__Work request__
Copy each line below exactly and leave the pictures out.

(Given information begins)

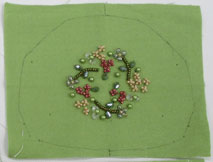 表布にビーズで刺し終わった
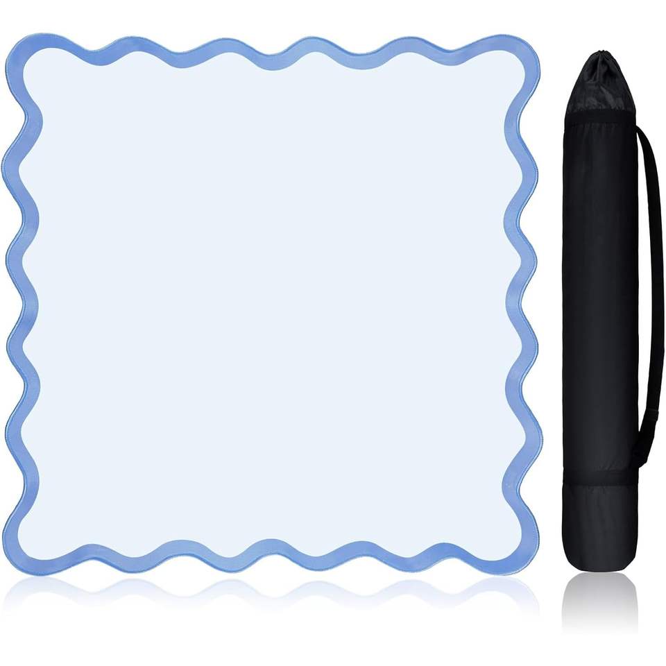 Blue Scalloped Mahjong Mat 31.5"x31.5" Anti-Slip Noise Reduction Table Cover Foldable for Domino Tile Games Party Novelties
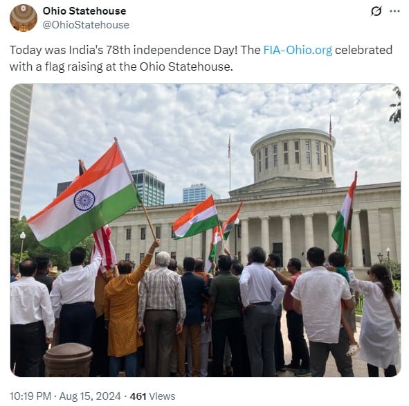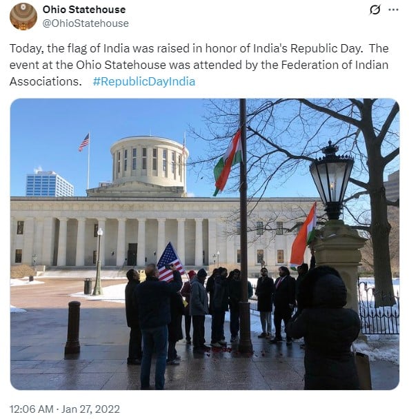 इसके साथ ही आगे की जांच में हमने X पर ओहियो स्टेटहाउस के हैंडल की भी जांच की। वहां हमें अन्य वर्षों से जुड़े भारत के स्वतंत्रता दिवस और गणतंत्र दिवस मनाने की तस्वीरें और वीडियो भी मिले। इस दौरान भारतीय ध्वज तिरंगे को फहराते हुए देखा जा सकता है।
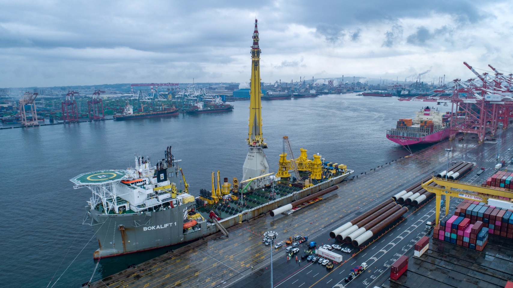 圖說:彰芳西島風場所使用的水下基樁,平均長度近70公尺且重達320公噸,將從高雄港出發前往彰芳西島風場場址進行安裝。

(Given information ends)

__Answer box__
 表布にビーズで刺し終わった
 Blue Scalloped Mahjong Mat 31.5"x31.5" Anti-Slip Noise Reduction Table Cover Foldable for Domino Tile Games Party Novelties
 इसके साथ ही आगे की जांच में हमने X पर ओहियो स्टेटहाउस के हैंडल की भी जांच की। वहां हमें अन्य वर्षों से जुड़े भारत के स्वतंत्रता दिवस और गणतंत्र दिवस मनाने की तस्वीरें और वीडियो भी मिले। इस दौरान भारतीय ध्वज तिरंगे को फहराते हुए देखा जा सकता है।
 圖說:彰芳西島風場所使用的水下基樁,平均長度近70公尺且重達320公噸,將從高雄港出發前往彰芳西島風場場址進行安裝。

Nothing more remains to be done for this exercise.